■ Given entries
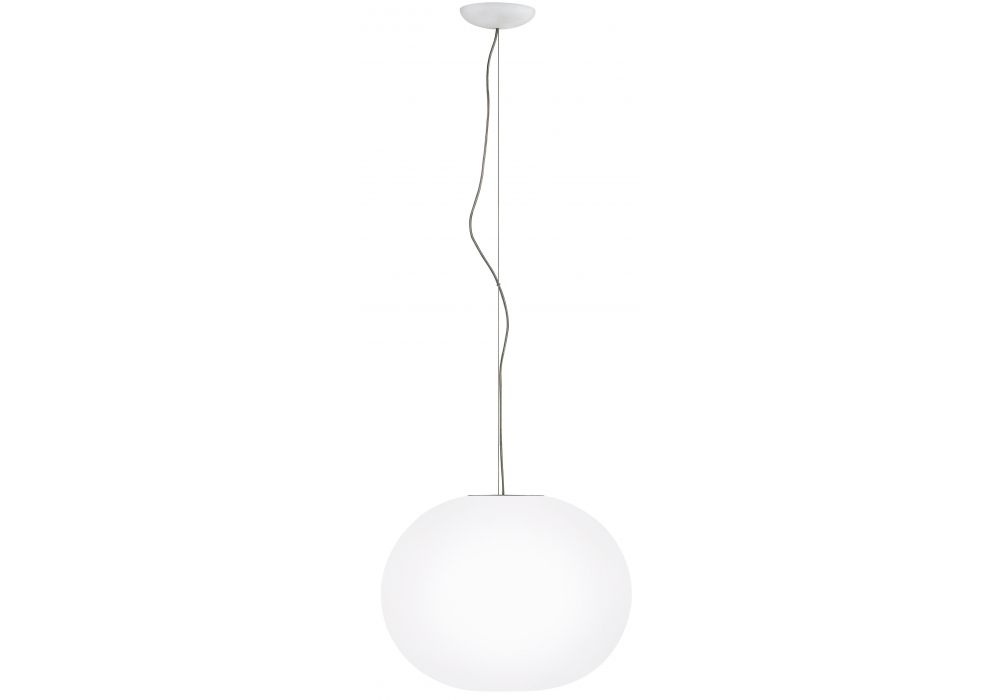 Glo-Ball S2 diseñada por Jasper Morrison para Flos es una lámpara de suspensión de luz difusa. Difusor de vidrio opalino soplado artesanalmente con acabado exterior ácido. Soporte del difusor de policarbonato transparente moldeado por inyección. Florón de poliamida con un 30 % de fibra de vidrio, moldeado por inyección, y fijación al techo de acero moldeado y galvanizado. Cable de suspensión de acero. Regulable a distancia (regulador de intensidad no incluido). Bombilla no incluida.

==

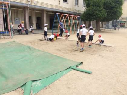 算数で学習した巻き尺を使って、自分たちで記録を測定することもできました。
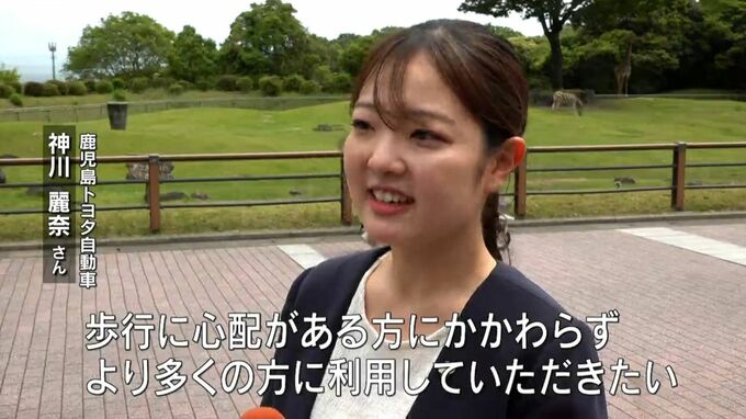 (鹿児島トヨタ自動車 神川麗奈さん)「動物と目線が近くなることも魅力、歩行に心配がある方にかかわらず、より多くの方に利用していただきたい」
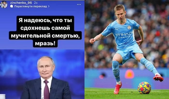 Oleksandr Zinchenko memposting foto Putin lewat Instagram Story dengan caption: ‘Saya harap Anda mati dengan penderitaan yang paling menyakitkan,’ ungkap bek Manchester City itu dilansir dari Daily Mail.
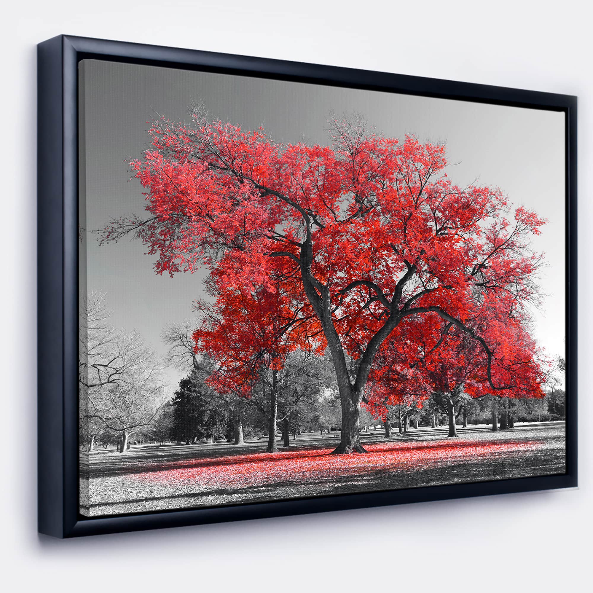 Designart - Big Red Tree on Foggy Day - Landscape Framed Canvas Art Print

■ Your assignment
Starting with the line that contains "算数で学習した巻き尺を使って、自分たちで記録を測定することもできました。" and finishing with the line that contains "Designart - Big", reproduce every line of the material above exactly, but not the pictures.

■ Exercise response
 算数で学習した巻き尺を使って、自分たちで記録を測定することもできました。
 (鹿児島トヨタ自動車 神川麗奈さん)「動物と目線が近くなることも魅力、歩行に心配がある方にかかわらず、より多くの方に利用していただきたい」
 Oleksandr Zinchenko memposting foto Putin lewat Instagram Story dengan caption: ‘Saya harap Anda mati dengan penderitaan yang paling menyakitkan,’ ungkap bek Manchester City itu dilansir dari Daily Mail.
 Designart - Big Red Tree on Foggy Day - Landscape Framed Canvas Art Print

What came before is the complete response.